**PROBLEM**
An exact copy of the entries is needed, with every picture left out.

########################################

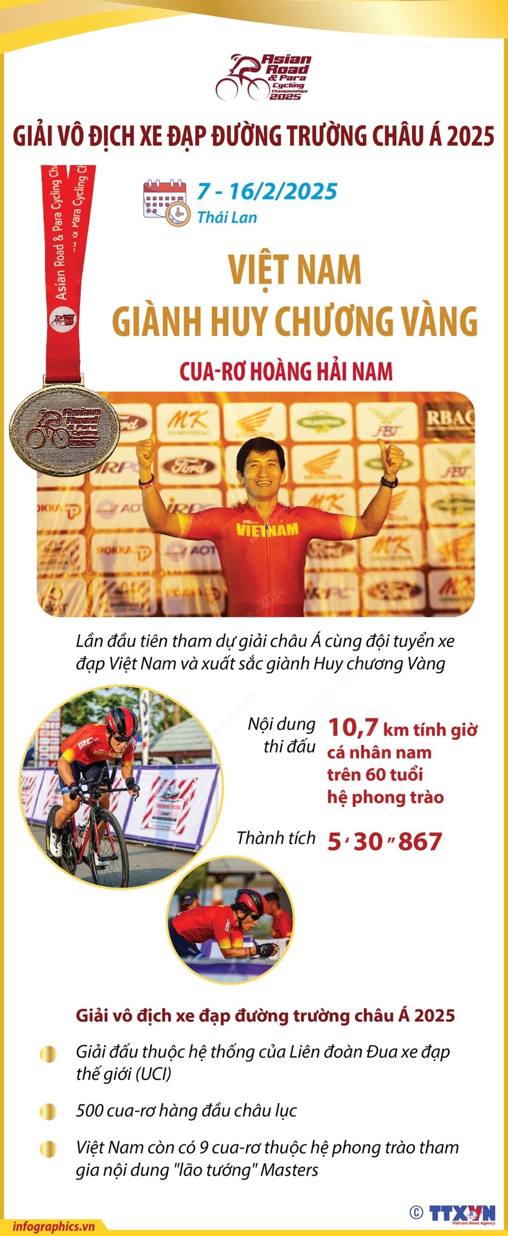 Lão tướng của làng đua xe đạp Việt Nam - Hoàng Hải Nam vừa xuất sắc giành Huy chương Vàng cự ly 10,7 km nội dung cá nhân tính giờ nam trên 60 tuổi hệ phong trào tại Giải vô địch xe đạp đường trường châu Á 2025. Đây là lần đầu tiên xe đạp phong trào Việt Nam góp mặt tại sân chơi châu lục và thành tích này đánh dấu cột mốc đáng nhớ cho nền thể thao nước nhà. Giải đua xe đạp đường trường châu Á 2025 diễn ra ở Thái Lan từ ngày 7 - 16/2/2025.
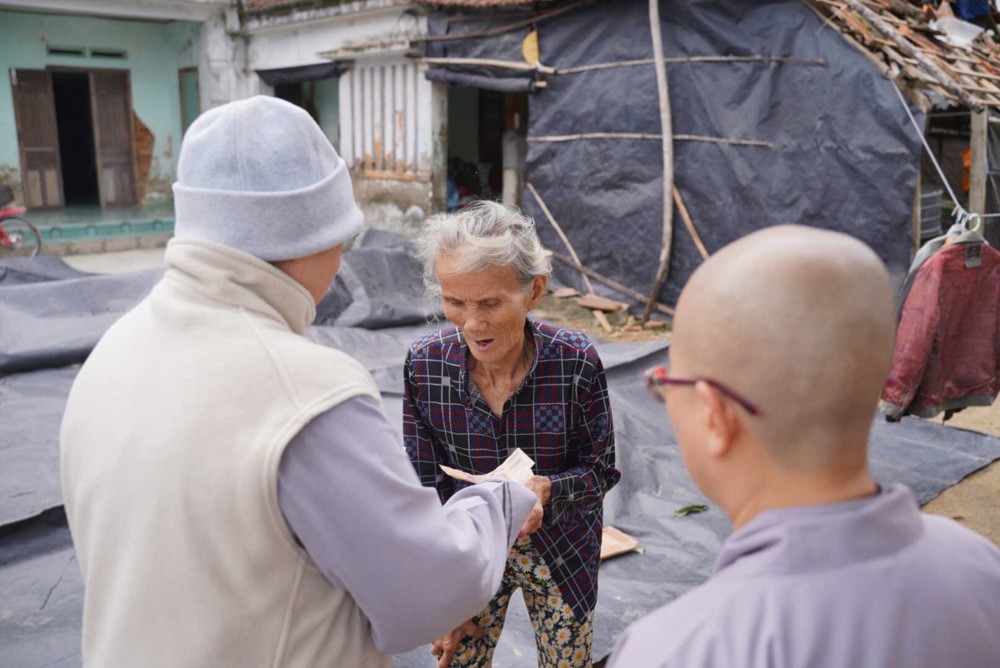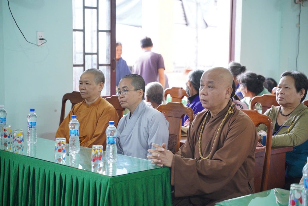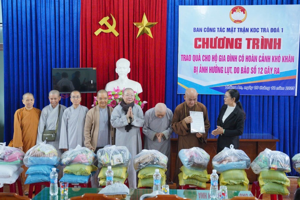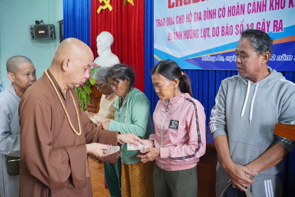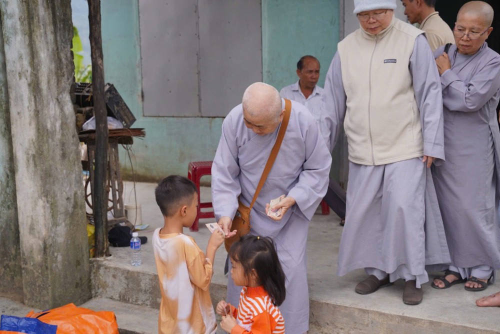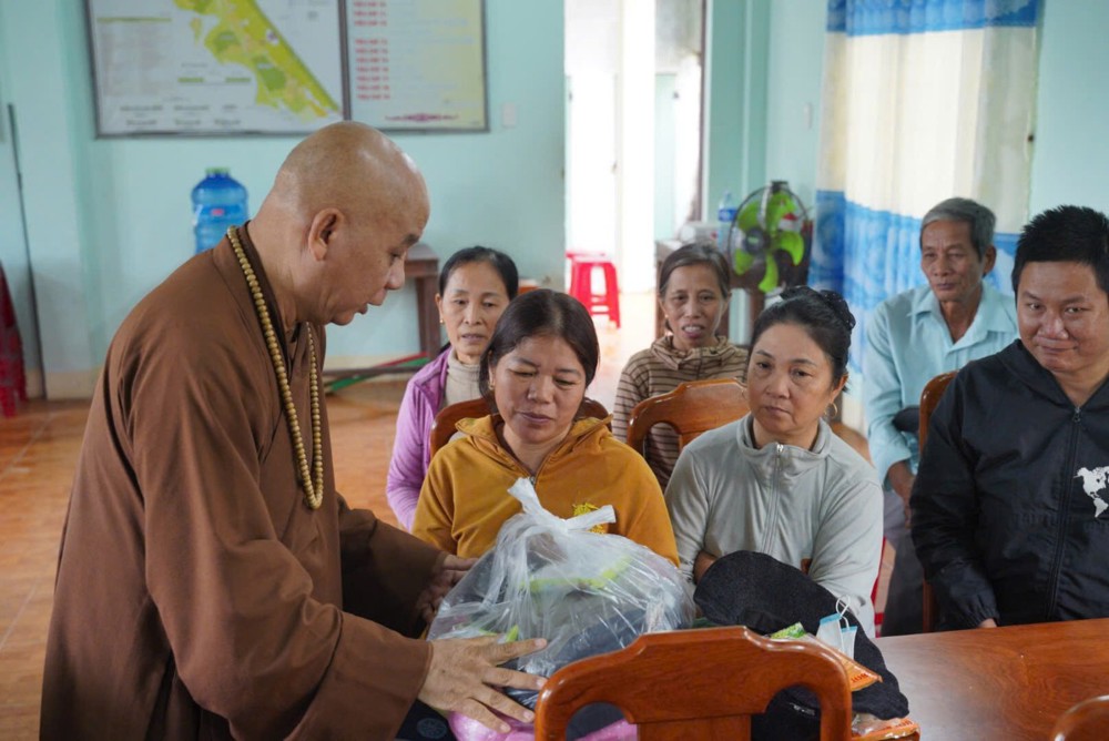 Phát biểu tại buổi trao quà, Thượng tọa gửi lời thăm hỏi ân cần và chia sẻ sâu sắc đến bà con vùng lũ, động viên mọi người giữ vững tinh thần trước những mất mát do thiên tai gây ra. Thượng tọa bày tỏ niềm cảm thông đối với những khó khăn mà từng hộ dân đang đối diện, đồng thời khuyến tấn bà con chăm lo sức khỏe, đoàn kết hỗ trợ lẫn nhau để sớm vượt qua giai đoạn khó khăn này.
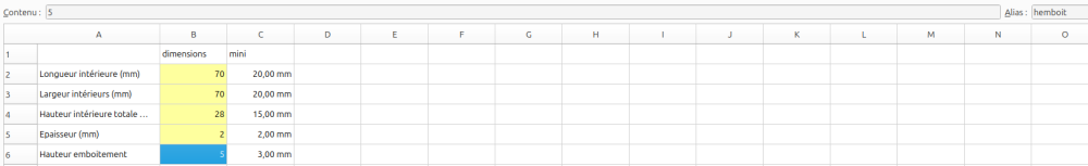 - Etape 1 -Création d une feuille de calcul avec le module “Spreadsheet” ( on peut la renommer “dim” pour dimension, plus court)
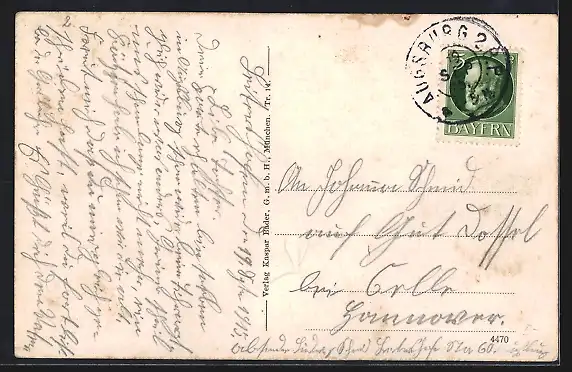 Personenbezogene Daten auf der Rückseite der Karte wurden durch blauen Textmarker unkenntlich gemacht. Die blauen Stellen sind auf die Vorderseite durchgeweicht und wirken sich negativ auf das Postkartenfoto aus
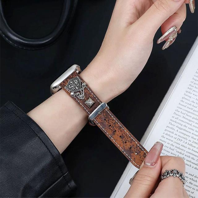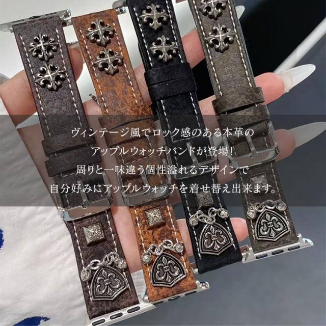 スタッツやチェーンをあしらったロック、ヴィンテージ感のあるかっこいいデザインで個性的にアップルウォッチを変身させることが出来ます。
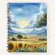 Dieses Notebook hat zwei Aquarellbilder in einem Notebook. Die Vorderseite hat eine Naturlandschaft mit Sonnenblumen. Der Rücken hat ein Rentier auf einem Felsen.
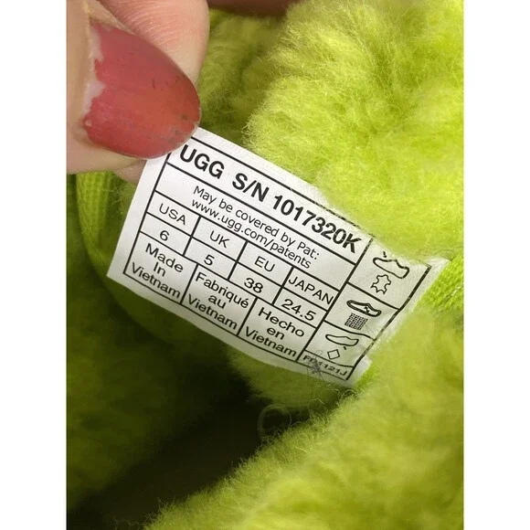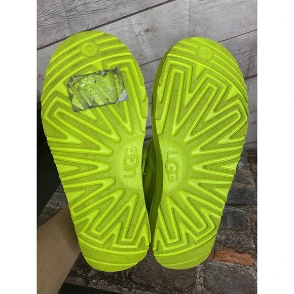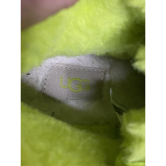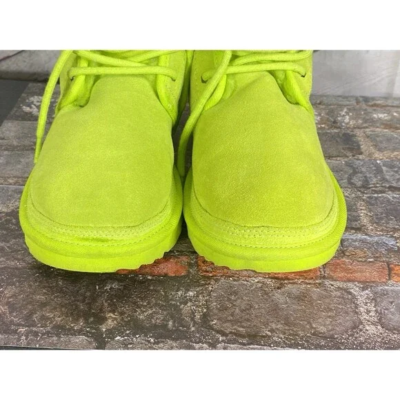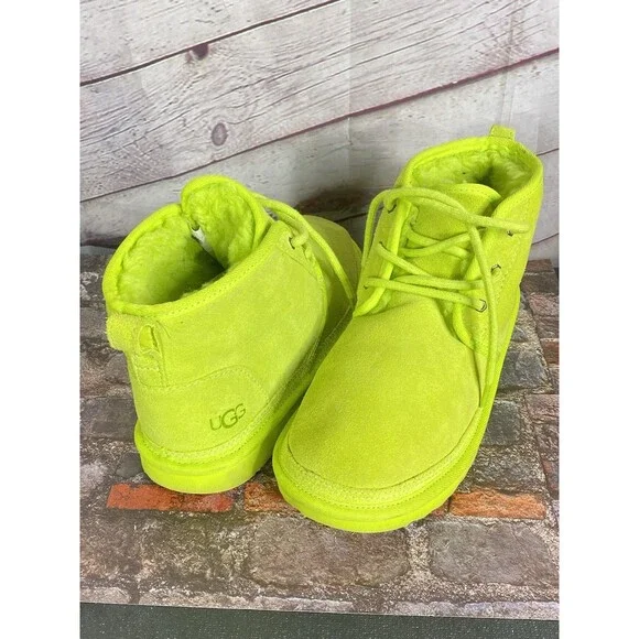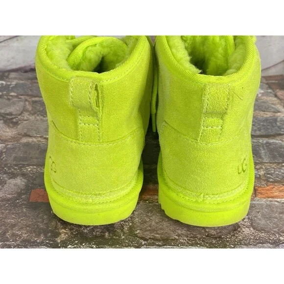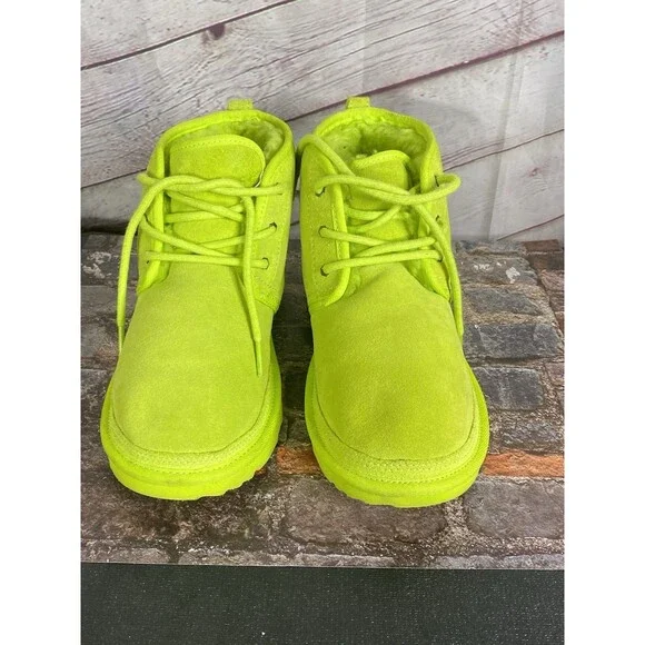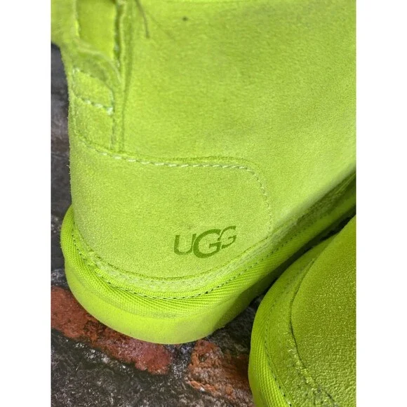 The UGG Neumel II Chukka Boot in key lime is a stylish and versatile option for big kids and women. Made with suede and featuring a cozy shearling lining, these boots are perfect for casual and travel occasions. The lace-up closure and flat heel make them easy to wear for everyday activities like walking and school. With a mid-top shaft style and rubber outsole, these boots provide both comfort and durability. The UGG logo accents add a touch of branding to these solid color boots, which are suitable for all seasons.Size 6 BIG KID or 7 Women's USA 38 EUROGreat ConditionNo FlawNo HoleNo StainPet/Smoke Free HomePerfect for Back to SchoolHeel Height: 7/8"Light Signs of WearPlease LOOK at ALL the PHOTOSShaft Height: 4 Inches

########################################

**EXERCISE RESPONSE**
 Lão tướng của làng đua xe đạp Việt Nam - Hoàng Hải Nam vừa xuất sắc giành Huy chương Vàng cự ly 10,7 km nội dung cá nhân tính giờ nam trên 60 tuổi hệ phong trào tại Giải vô địch xe đạp đường trường châu Á 2025. Đây là lần đầu tiên xe đạp phong trào Việt Nam góp mặt tại sân chơi châu lục và thành tích này đánh dấu cột mốc đáng nhớ cho nền thể thao nước nhà. Giải đua xe đạp đường trường châu Á 2025 diễn ra ở Thái Lan từ ngày 7 - 16/2/2025.
 Phát biểu tại buổi trao quà, Thượng tọa gửi lời thăm hỏi ân cần và chia sẻ sâu sắc đến bà con vùng lũ, động viên mọi người giữ vững tinh thần trước những mất mát do thiên tai gây ra. Thượng tọa bày tỏ niềm cảm thông đối với những khó khăn mà từng hộ dân đang đối diện, đồng thời khuyến tấn bà con chăm lo sức khỏe, đoàn kết hỗ trợ lẫn nhau để sớm vượt qua giai đoạn khó khăn này.
 - Etape 1 -Création d une feuille de calcul avec le module “Spreadsheet” ( on peut la renommer “dim” pour dimension, plus court)
 Personenbezogene Daten auf der Rückseite der Karte wurden durch blauen Textmarker unkenntlich gemacht. Die blauen Stellen sind auf die Vorderseite durchgeweicht und wirken sich negativ auf das Postkartenfoto aus
 スタッツやチェーンをあしらったロック、ヴィンテージ感のあるかっこいいデザインで個性的にアップルウォッチを変身させることが出来ます。
 Dieses Notebook hat zwei Aquarellbilder in einem Notebook. Die Vorderseite hat eine Naturlandschaft mit Sonnenblumen. Der Rücken hat ein Rentier auf einem Felsen.
 The UGG Neumel II Chukka Boot in key lime is a stylish and versatile option for big kids and women. Made with suede and featuring a cozy shearling lining, these boots are perfect for casual and travel occasions. The lace-up closure and flat heel make them easy to wear for everyday activities like walking and school. With a mid-top shaft style and rubber outsole, these boots provide both comfort and durability. The UGG logo accents add a touch of branding to these solid color boots, which are suitable for all seasons.Size 6 BIG KID or 7 Women's USA 38 EUROGreat ConditionNo FlawNo HoleNo StainPet/Smoke Free HomePerfect for Back to SchoolHeel Height: 7/8"Light Signs of WearPlease LOOK at ALL the PHOTOSShaft Height: 4 Inches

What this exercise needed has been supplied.